Records shown START

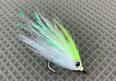* The Clouser Minnow will work very well. Light color variations with a little flash tail. The synthetic pattern is stronger for the toothy species.
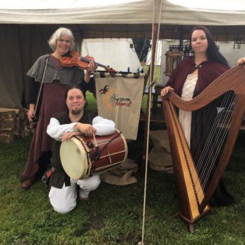 Für den Markt in Hengsterholz bei Ganderkesee haben wir mit Vera Menzen (welche hin und wieder als Gastmusikerin mit Geige, Flöten und Gesang mit uns auftreten wird) ein komplett neues Programm zusammengestellt. Da Vera viele Jahre mit Fogelvrei als Clownesse Antonja unterwegs war, lag es nahe, ihr Showtalent mit einzubauen und so entstand die Holzpuppe „Piet“, welche unser Programm mit Entertainment bereichert. Samstag regnete es immer wieder, aber wir bekamen Obdach in einem Lager mit großem Dach. Leider konnten wir wegen der Witterung Anjas Harfe nicht verstärken, was unsere musischen Möglichkeiten etwas einschränkte. Ausserdem schlug das Wetter den Instrumenten auf die Stimmung – weil sie sich vollsogen wie ein Spielmann an der Taverne. Sonntag war besseres Wetter und wir konnten unter freiem Himmel auftreten.
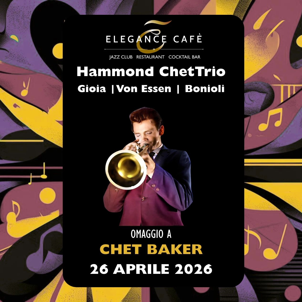 Jazz Rome April 26 2026: Hammond Chet Trio, Tribute to Chet Baker
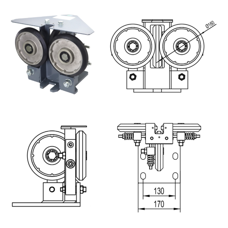 FKD-R160-1 엘리베이터 롤러 가이드 슈는 엘리베이터 시스템용으로 설계된 구성 요소입니다. 초당 5미터를 초과하지 않는 속도의 엘리베이터에 적합하고 최대 정격 하중 2000kg을 견딜 수 있으며 특히 폭 16mm의 가이드 레일 표면에 적합합니다. 롤러 가이드 슈즈는 엘리베이터의 원활한 작동과 정확한 안내를 보장하는 핵심 역할을 하며 엘리베이터의 안전과 효율성에 중요한 부분입니다.
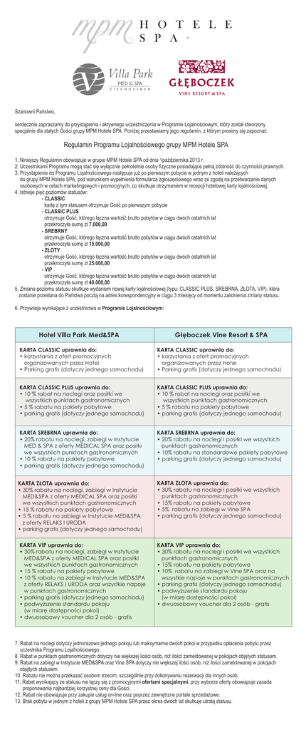 Szanowni Państwo, serdecznie zapraszamy do przystąpienia i aktywnego uczestniczenia w Programie Lojalnościowym, który został stworzony specjalnie dla stałych Gości grupy MPM Hotele SPA. Poniżej przestawiamy jego regulamin, z którym prosimy się zapoznać. Regulamin Programu Lojalnościowego grupy MPM Hotele SPA 1. Niniejszy Regulamin obowiązuje w grupie MPM Hotele SPA od dnia 1października 2013 r. 2. Uczestnikami Programu mogą stać się wyłącznie pełnoletnie osoby fizyczne posiadające pełną zdolność do czynności prawnych. 3. Przystąpienie do Programu Lojalnościowego następuje już po pierwszym pobycie w jednym z hoteli należących do grupy MPM Hotele SPA, pod warunkiem wypełnienia formularza zgłoszeniowego wraz ze zgodą na przetwarzanie danych osobowych w celach marketingowych i promocyjnych, co skutkuje otrzymaniem w recepcji hotelowej karty lojalnościowej. 4. Istnieje pięć poziomów statusów: - CLASSIC kartę z tym statusem otrzymuje Gość po pierwszym pobycie - CLASSIC PLUS otrzymuje Gość, którego łączna wartość brutto pobytów w ciągu dwóch ostatnich lat przekroczyła sumę zł 7.000,00 - SREBRNY otrzymuje Gość, którego łączna wartość brutto pobytów w ciągu dwóch ostatnich lat przekroczyła sumę zł 15.000,00 - ZŁOTY otrzymuje Gość, którego łączna wartość brutto pobytów w ciągu dwóch ostatnich lat przekroczyła sumę zł 25.000,00 - VIP otrzymuje Gość, którego łączna wartość brutto pobytów w ciągu dwóch ostatnich lat przekroczyła sumę zł 40.000,00 5. Zmiana poziomu statusu skutkuje wydaniem nowej karty lojalnościowej (typu: CLASSIC PLUS, SREBRNA, ZŁOTA, VIP), która zostanie przesłana do Państwa pocztą na adres korespondencyjny w ciągu 3 miesięcy od momentu zaistnienia zmiany statusu. 6. Przywileje wynikające z uczestnictwa w Programie Lojalnościowym: Hotel Villa Park Med&SPA Głęboczek Vine Resort & SPA KARTA CLASSIC uprawnia do: • korzystania z ofert promocyjnych organizowanych przez Hotel • Parking gratis (dotyczy jednego samochodu) KARTA CLASSIC uprawnia do: • korzystania z ofert promocyjnych organizowanych przez Hotel • Parking gratis (dotyczy jednego samochodu) KARTA CLASSIC PLUS uprawnia do: • 10 % rabat na noclegi oraz posiłki we wszystkich punktach gastronomicznych • 5 % rabatu na pakiety pobytowe • parking gratis (dotyczy jednego samochodu) KARTA CLASSIC PLUS uprawnia do: • 10 % rabat na noclegi oraz posiłki we wszystkich punktach gastronomicznych • 5 % rabatu na pakiety pobytowe • parking gratis (dotyczy jednego samochodu) KARTA SREBRNA uprawnia do: • 20% rabatu na noclegi, zabiegi w Instytucie MED & SPA z oferty MEDICAL SPA oraz posiłki we wszystkich punktach gastronomicznych • 10 % rabatu na pakiety pobytowe • parking gratis (dotyczy jednego samochodu) KARTA SREBRNA uprawnia do: • 20% rabatu na noclegi i posiłki we wszystkich punktach gastronomicznych • 10% rabatu na standardowe pakiety pobytowe • parking gratis (dotyczy jednego samochodu) KARTA ZŁOTA uprawnia do: • 30% rabatu na noclegi, zabiegi w Instytucie MED&SPA z oferty MEDICAL SPA oraz posiłki we wszystkich punktach gastronomicznych • 15 % rabatu na pakiety pobytowe • 5 % rabatu na zabiegi w Instytucie MED&SPA z oferty RELAKS I URODA • parking gratis (dotyczy jednego samochodu) KARTA ZŁOTA uprawnia do: • 30% rabatu na noclegi i posiłki we wszystkich punktach gastronomicznych • 15% rabatu na pakiety pobytowe • 5% rabatu na zabiegi w Vine SPA • parking gratis (dotyczy jednego samochodu) KARTA VIP uprawnia do: • 30% rabatu na noclegi, zabiegi w Instytucie MED&SPA z oferty MEDICAL SPA oraz posiłki we wszystkich punktach gastronomicznych • 15 % rabatu na pakiety pobytowe • 10 % rabatu na zabiegi w Instytucie MED&SPA z oferty RELAKS I URODA oraz wszystkie napoje w punktach gastronomicznych • parking gratis (dotyczy jednego samochodu) • podwyższenie standardu pokoju (w miarę dostępności pokoi) • dwuosobowy voucher dla 2 osób - gratis KARTA VIP uprawnia do: • 30% rabatu na noclegi i posiłki we wszystkich punktach gastronomicznych • 15% rabatu na pakiety pobytowe • 10% rabatu na zabiegi w Vine SPA oraz na wszystkie napoje w punktach gastronomicznych • parking gratis (dotyczy jednego samochodu) • podwyższenie standardu pokoju (w miarę dostępności pokoi) • dwuosobowy voucher dla 2 osób - gratis 7. Rabat na noclegi dotyczy jednorazowo jednego pokoju lub maksymalnie dwóch pokoi w przypadku opłacenia pobytu przez uczestnika Programu Lojalnościowego. 8. Rabat w punktach gastronomicznych dotyczy nie większej ilości osób, niż ilości zameldowanej w pokojach objętych statusem. 9. Rabat na zabiegi w Instytucie MED&SPA oraz Vine SPA dotyczy nie większej ilości osób, niż ilości zameldowanej w pokojach objętych statusem. 10. Rabatu nie można przekazać osobom trzecim, szczególnie przy dokonywaniu rezerwacji dla innych osób. 11. Rabat wynikający ze statusu nie łączy się z promocyjnymi ofertami specjalnymi; przy wyborze oferty obowiązuje zasada proponowania najbardziej korzystnej ceny dla Gości. 12. Rabat nie obowiązuje przy zakupie usług on-line oraz poprzez zewnętrzne portale sprzedażowe. 13. Brak pobytu w jednym z hoteli z grupy MPM Hotele SPA przez okres dwóch lat skutkuje utratą statusu.
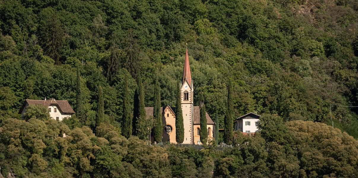 Von der Bushaltestelle Naturns wenden wir uns erst Richtung Vinschgau, dann die Straße aufwärts, an mehreren modernen Hotels vorbei, direkt zur Pfarrkirche. Die erst kürzlich renovierte Kirche aus dem 15. Jh. ist dem hl. Zeno geweiht und einen Besuch wert. Sie birgt unter anderem ein kostbares Marienbild von Jörg Lederer.

Records shown END

## Task statement
Using the data above, print only the lines starting at the one with "Jazz Rome April" and ending at the one with "FKD-R160-1 엘리베이터 롤러", exactly as they stand, minus the pictures.

## Exercise solution
 Jazz Rome April 26 2026: Hammond Chet Trio, Tribute to Chet Baker
 FKD-R160-1 엘리베이터 롤러 가이드 슈는 엘리베이터 시스템용으로 설계된 구성 요소입니다. 초당 5미터를 초과하지 않는 속도의 엘리베이터에 적합하고 최대 정격 하중 2000kg을 견딜 수 있으며 특히 폭 16mm의 가이드 레일 표면에 적합합니다. 롤러 가이드 슈즈는 엘리베이터의 원활한 작동과 정확한 안내를 보장하는 핵심 역할을 하며 엘리베이터의 안전과 효율성에 중요한 부분입니다.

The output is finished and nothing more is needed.